What is the FDIC? It’s the government entity that makes it safer to keep your money in the bank rather than stuff it in a mattress. In the case of a bank failure, your funds deposited in that failed bank are guaranteed and will be returned to you. From the FDIC website:

The Federal Deposit Insurance Corporation (FDIC) is an independent agency of the United States government that protects funds depositors place in banks and savings associations. FDIC insurance is backed by the full faith and credit of the United States government. Since the FDIC was established in 1933, no depositor has ever lost a single penny of FDIC-insured funds.
What does dropping the Transaction Account Guarantee protection mean to you? Actually, you should be pretty scared. Taking a protection away from your hard earned funds is not a good thing. Nor is it a good sign of the health of these banks.

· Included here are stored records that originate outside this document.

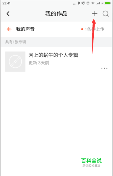 进入我的作品页面,里面只有一个默认的个人专辑,这个时候选择点击页面右上角的“+”会弹出三个选项,选择“创建专辑”。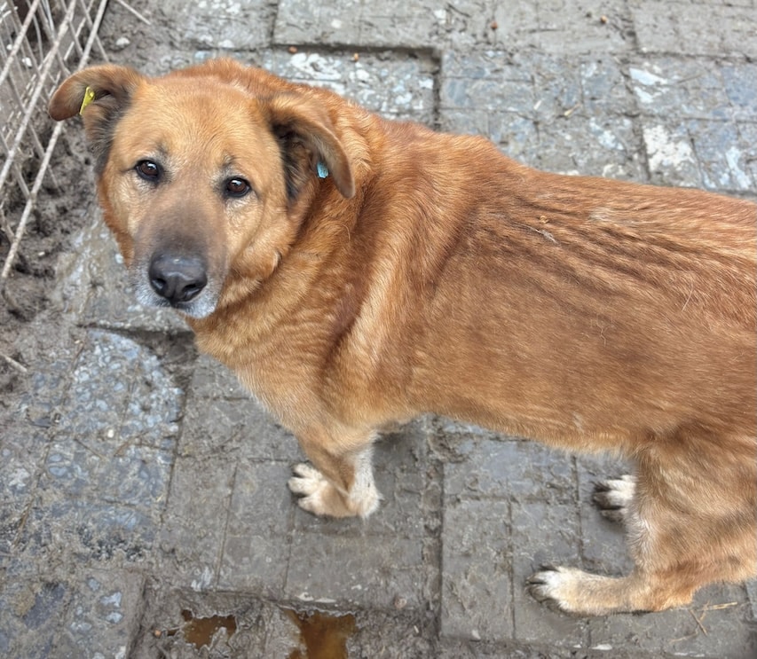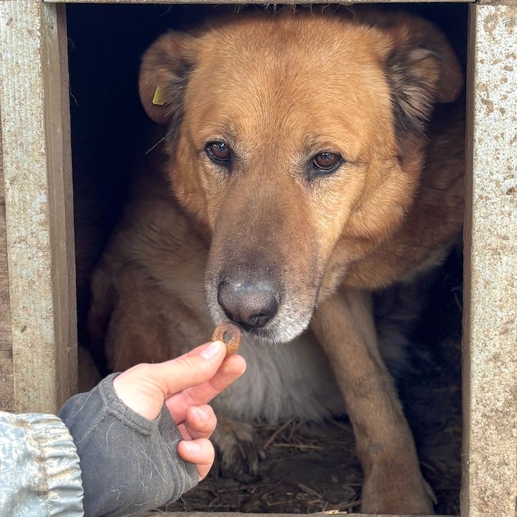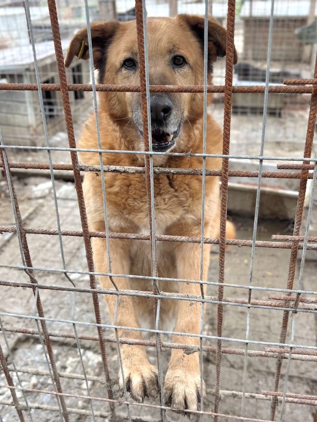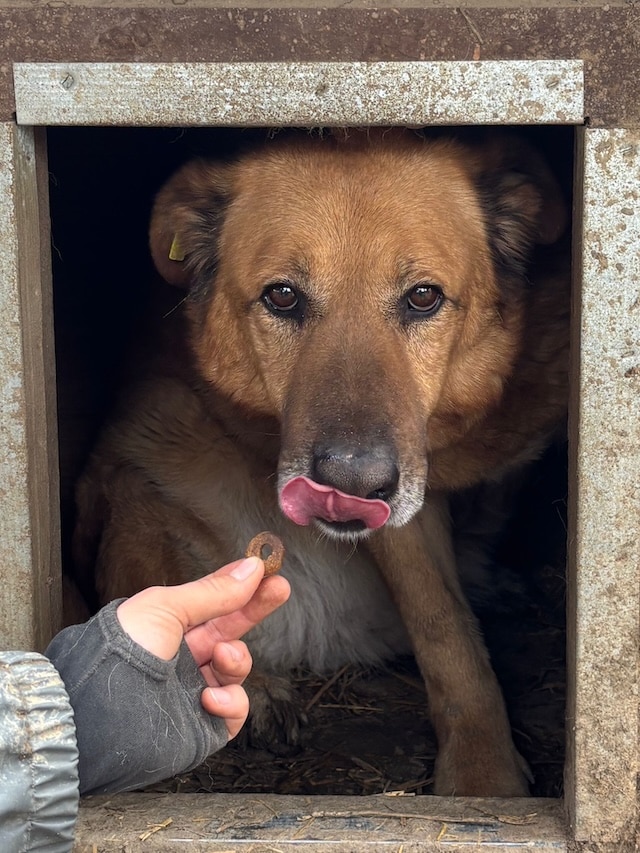 Seit nun 4 langen Jahren hofft unser hübscher KIMANO bereits vergeblich im riesigen Shelter auf seine Chance. Als wir vor seinem Kennel standen, kam er sehnsüchtig ans Gitter, stellte sich auf die Hinterbeine und winselte nach Aufmerksamkeit. Als wir den Kennel betraten, verzog KIMANO sich hingegen in seine Hütte und kam nicht mehr heraus. Die mitgebrachten Leckerlie nahm er gern – doch für mehr Nähe fehlt ihm einfach die Erfahrung im Umgang mit uns. Der direkte Kontakt – ohne Gitter – ist ihm einfach nicht geheuer, da er es nicht kennt. In all der Zeit an diesem trostlosen Ort hatte er nie wirklich die Chance, zu lernen, was Vertrauen und Zuwendung sind. Daher wünschen wir dem sensiblen KIMANO, der sich vermutlich eigentlich nach Kontakt sehnt, dass er nun von verständigen Menschen gesehen wird. Die ihn an die Pfote nehmen und Stück für Stück an ein Zusammenleben auf der Sonnenseite heranführen. Damit er endlich all das lernen und nachholen darf, was er bisher verpasst hat. Zu KIMANOS Verträglichkeit kann aktuell keine verlässliche Aussage getroffen werden, doch in der Vergangenheit hat er sich seinen Kennel mit anderen Hunden geteilt.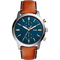 Наручные часы от популярного американского бренда Fossil - они будут замечательно смотреться как с повседневным стилем одежды, так и костюмом;  браслет: кожа; корпус: сталь; цвет браслета: коричневый; цвет корпуса: серебро; цвет циферблата: синий; ширина браслета: 22MM;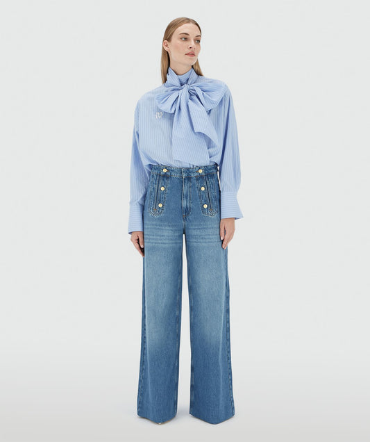 Calças Largas de Cintura Alta LIORA Azul Chambray - Josh V

Dropping out of the program means that the banks don’t have to be quite as strict with their banking procedures.
What is the difference between coverage under the Transaction Account Guarantee Program and FDIC’s general deposit rules? With the general deposit rules, any account which is covered under the general rules is covered up to $250,000 but above this amount, the funds are not covered. If funds are covered under the Transaction Account Guarantee Program, funds exceeding $250,000 are still covered. It’s sort of double protection.